Her long black hair went down to her waist and she wore colourful clothes. Homer had never had anything to do with women as his entire life had been spent making money.

She was a widow. Her husband had been killed in the violence the country had been experiencing.

She bought silk stockings. Homer imagined her trying them within the confines of her own room.

“I wish someone did something to end our poverty,” she said before leaving the shop.

The image of the woman stayed in Homer’s mind. She was young and beautiful but she needed help. That evening he authorised himself to open a tin of sardines before retiring to his boxes. As he reflected in the business of the day, he remembered the poor young widow.

The country went through a bad patch. Every day men, women and children appeared dead and nobody cared. Genocide became one of the national industries just as football and politics.

Widowers with a lot of children were numerous.
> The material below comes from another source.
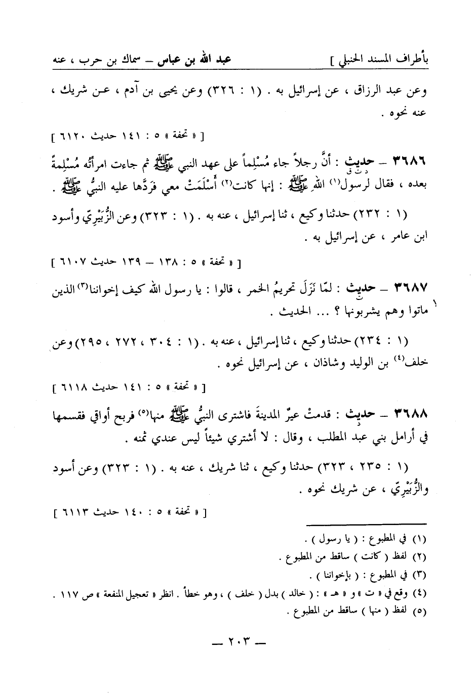 3687 -[ت] حديث: لمّا نَزَلَ تحريمُ الخَمْر، قالوا: يا رسول الله كيف إخواننا الذين ماتوا وهم يشربونها؟ ... الحديث. (1: 234) حَدَّثَنا وكيع، ثنا إسرائيل عنه به. (1: 304، 272، 295) وعن خلف بن الوليد وشاذان، عن إسرائيل نحوه.

Why didn’t anybody help them?

Homer’s eyes filled with tears. He had another ingenious idea. The woman had not left her name. She had only wanted to buy stockings.

He had to help people like her to have a better life. As he cruised the poor parts of the city in his old bicycle, he wanted to find land to build houses. They would be called: “Poor Widow’s Housing.”

He found a cheap place to buy. It lay in a low plain without any water, light or sewer. He paid for some houses to be built while the weather was good. Each unit had three rooms with a muddy floor and no toilet.

Homer stood by the houses while the work was carried out. He didn’t want the workers stealing the bricks or charging him for the work they had not done.